TASK TO COMPLETE –
Copy out every line of the data exactly; do not include the images.

GIVEN DATA –
"""
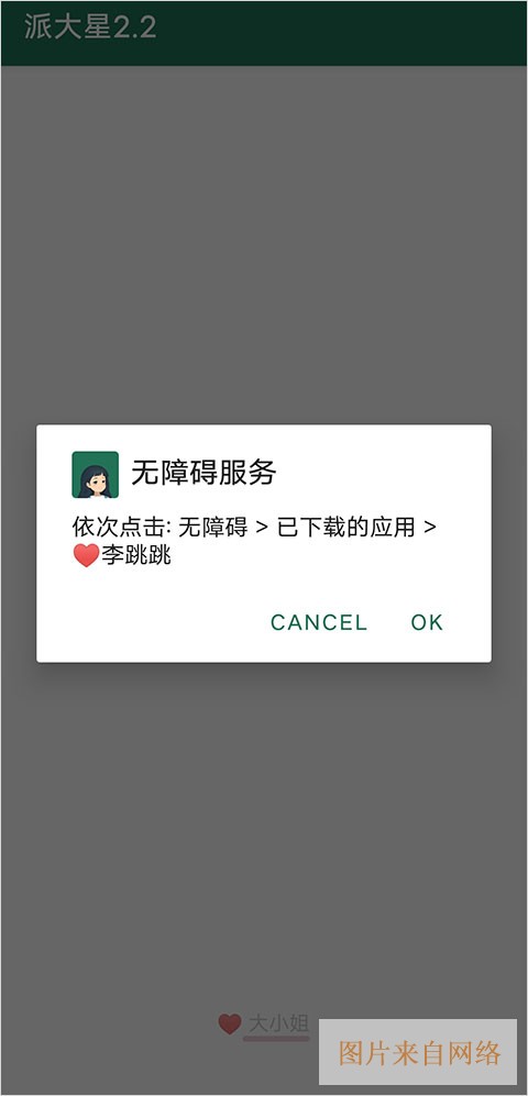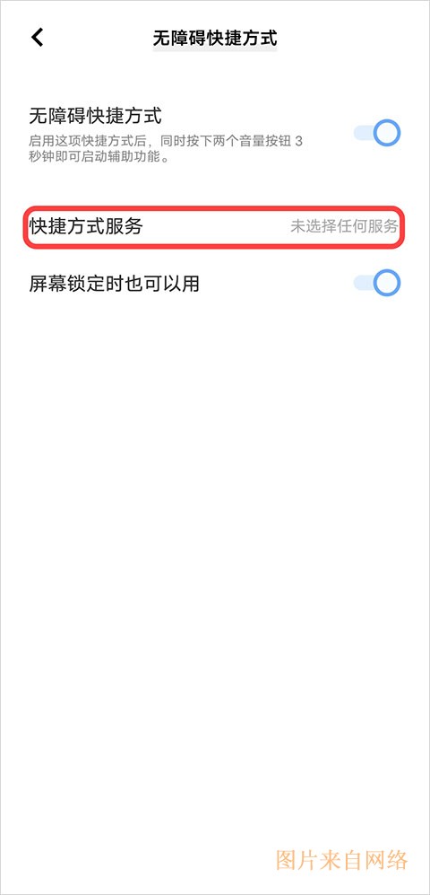 2、点击“OK”后,选择无障碍快捷方式,在“快捷方式服务”内选择“李跳跳”点击开启-确定,即可设置跳广告。
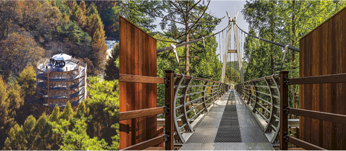 해발 약 935m의 기암괴석과 봉우리로 이뤄진 운악산 자락 깊숙한 곳에 운악산자연휴양림이 자리한다. 운악산의 뛰어난 경관은 금강산을 떠올리게 하여, 경기도의 작은 금강이라는 뜻의 ‘소금강’으로 불린다. 숲과 계곡을 함께 품은 자연 속에서 조용히 거닐며 가을의 온기를 느끼기 좋다. 인근에 위치한 2024년 9월에 개통된 한탄강 Y자 출렁다리는 국내 최장 410m로 한탄강의 아름다운 경관을 살리기 위해 중간 지지탑이 없는 무주탑 형태로 시공되었다. 이 다리는 비둘기낭 폭포와 한탄강 생태 경관 단지를 연결하고 있어 자연휴양림 방문하여 함께 즐기기에 제격이다.
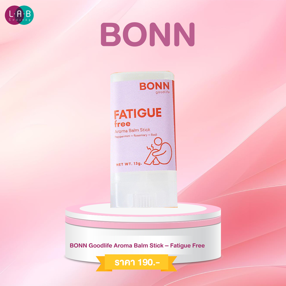 สินค้าแบรนด์สุดท้าย เป็นสินค้าจากแบรนด์ BONN Goodlife หรือ BONN Goodlife Aroma Balm Stick กลิ่น Fatigue Free ที่ประกอบไปด้วย Essential Oils กลิ่นโรสแมรี เปปเปอร์มินต์ และโหระพา ช่วยลดความเหนื่อยล้า โดยสามารถใช้ดม และใช้นวดตามร่างกาย ตามจุดชีพจร เพื่อให้รู้สึกผ่อนคลาย คลายความเครียด ความกังวล ใช้งานง่าย พกพาสะดวกสุด ๆ
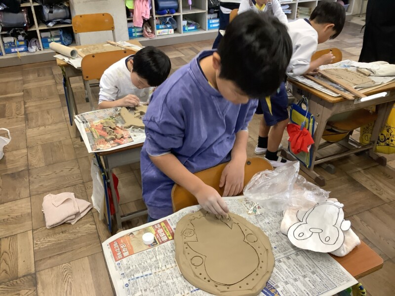 「どうすればかわいくなるかな?」「この模様はどうしよう?」と考えながら、真剣なまなざしで取り組む子ども達。 耳やしっぽを立体的にしたり、模様をつけたりと、一人ひとりが工夫を凝らし、粘土の中から生き生きとした動物たちが生まれていました。
"""
RESULT OF THE TASK –
 2、点击“OK”后,选择无障碍快捷方式,在“快捷方式服务”内选择“李跳跳”点击开启-确定,即可设置跳广告。
 해발 약 935m의 기암괴석과 봉우리로 이뤄진 운악산 자락 깊숙한 곳에 운악산자연휴양림이 자리한다. 운악산의 뛰어난 경관은 금강산을 떠올리게 하여, 경기도의 작은 금강이라는 뜻의 ‘소금강’으로 불린다. 숲과 계곡을 함께 품은 자연 속에서 조용히 거닐며 가을의 온기를 느끼기 좋다. 인근에 위치한 2024년 9월에 개통된 한탄강 Y자 출렁다리는 국내 최장 410m로 한탄강의 아름다운 경관을 살리기 위해 중간 지지탑이 없는 무주탑 형태로 시공되었다. 이 다리는 비둘기낭 폭포와 한탄강 생태 경관 단지를 연결하고 있어 자연휴양림 방문하여 함께 즐기기에 제격이다.
 สินค้าแบรนด์สุดท้าย เป็นสินค้าจากแบรนด์ BONN Goodlife หรือ BONN Goodlife Aroma Balm Stick กลิ่น Fatigue Free ที่ประกอบไปด้วย Essential Oils กลิ่นโรสแมรี เปปเปอร์มินต์ และโหระพา ช่วยลดความเหนื่อยล้า โดยสามารถใช้ดม และใช้นวดตามร่างกาย ตามจุดชีพจร เพื่อให้รู้สึกผ่อนคลาย คลายความเครียด ความกังวล ใช้งานง่าย พกพาสะดวกสุด ๆ
 「どうすればかわいくなるかな?」「この模様はどうしよう?」と考えながら、真剣なまなざしで取り組む子ども達。 耳やしっぽを立体的にしたり、模様をつけたりと、一人ひとりが工夫を凝らし、粘土の中から生き生きとした動物たちが生まれていました。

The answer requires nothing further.